Binomial and Hypergeometric Probability Trees
- Dr. Jack L. Jackson II
Selecting Colored Balls from an Urn
In this activity we are considering selecting a sample of n balls from an urn. We let the random variable X represent the number of Blue balls (successes) selected. Using either the sliders or the input boxes enter the total starting number of balls in the urn (Population Size = N), the number of blue balls in the urn at the beginning (number of successes in the population = M), and the number of balls selected (sample size = n). Start with the bottom slider all of the way to the left. Slowly slide it to the right to see the probability tree drawn. Remember that after the first set of edges, edges are labeled with conditional probabilities, given that the earlier results getting you to that branch occurred. The probabilities at the end of each path through the tree are found by multiplying the probabilities along that path. The final probability density function for the distribution is given in the spreadsheet to the right. Add up all the joint probabilities at the ends of paths with the same X value to get the probability of that X value in the table. The table also includes the mean and standard deviation of the distribution. The graph of the pdf is below the spreadsheet. We have two different options when selecting the balls. These lead to two standard discrete probability distributions.
Option 1 is to select the balls with replacement. This means that after selecting each ball, we replace it in the urn, mix them up, and then select the next ball. In this option, the total number of balls in the urn is the same at each stage. Therefore, the probability of a blue ball is p = M/N, which is constant each time. The probability of a non-blue ball (red ball) is q = n - p, every time. The events are independent. This distribution is called a Binomial Distribution.

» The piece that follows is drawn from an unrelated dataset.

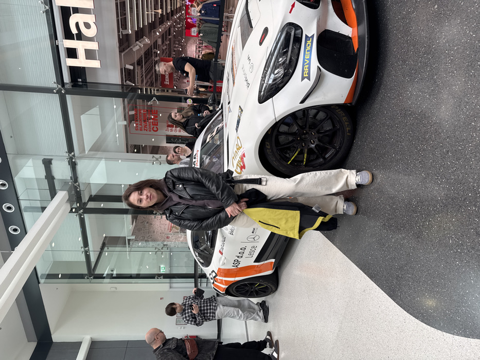 An indoor scene within the Aleja Ljubljana shopping mall in Ljubljana, Slovenia, displays a promotional event. A woman stands in the center-left foreground, facing the camera directly. She is dressed in a black leather jacket over a dark hoodie, light-colored wide-leg trousers, and light gray sneakers, holding a yellow and black jacket in front of her. Behind the woman, a white Mercedes-AMG GT3 racing car is prominently displayed. The car features an orange and black livery with sponsor decals including "ASP d.o.o. Lesce," "pixforent," "AMG MOTOR," "Pirelli," and "Ravenol." Its wheels are black multi-spoke with bright yellow accents. To the far left, a man in a dark jacket and dark pants with sandals and socks is partially visible, looking downwards. Behind him, a young male in a plaid shirt and light gray sweatpants is observed looking at a smartphone. In the background, to the right of the racing car, a group of people is gathered near a storefront. A man in a black t-shirt gestures while speaking to two women, one of whom holds a water bottle. The flooring consists of a two-tone speckled terrazzo, light gray on the left and dark gray on the right, separated by a distinct curved line. The background features large glass storefronts and modern overhead lighting. A partially visible store sign on the right reads "Hal" (part of "Hala"), and a red sign with Slovenian text "VSE CENE BLAGOVNE ZNAMKE..." (All prices brand names...) is also visible. Clothing racks are discernible inside the "Hala" store through its glass entrance.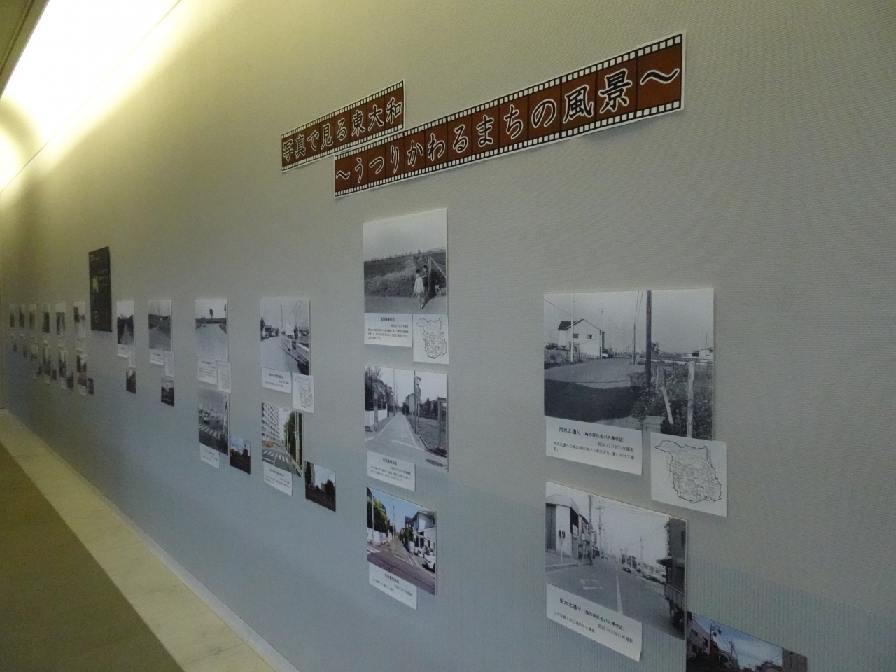 球形のユニークなプラネタリウム以外は入館無料です。常設展示室は2階にあり、狭山丘陵の地形模型、石器・土器の類から歴史順に生活用具が展示されるなど、郷土博物館によく見られる内容。廊下には市内の主なスポットの移り変わりを写真で示す展示があり、こちらは興味深く見学することができました。

Option 2 is to select the balls without replacement. This means that after selecting each ball, we do NOT replace it. Therefore, the number of balls in the urn (denominator of the probability) is going down one on each stage. The numerator of each probability depends on what has been selected before. The events are NOT independent. This distribution is called a Hypergeometric Distribution.
Distribution of Proportions and Practical Applications
We are often interested in dividing the population into two groups. One is the group of interest called Successes (modeled by blue balls) and the complementary group is called Failures (modeled by red balls). We are interested in the number of successes, or more often the proportion of successes in the sample or in the population. In this setup, the proportion of successes in the population is p = M/N. The proportion of successes in the sample is X/n. The table gives the values of the proportion of successes in the sample. Typically, in real-world applications selection is actually done without repeats (i.e. without replacement). Therefore, a Hypergeometric Distribution is the most realistic. However, as the population size gets larger and larger the Hypergeometric Distribution approaches a Binomial Distribution. For this reason, we often use a Bionomial Distribution to approximate a Hypergeometric Distribution when the population size is unknown but very large.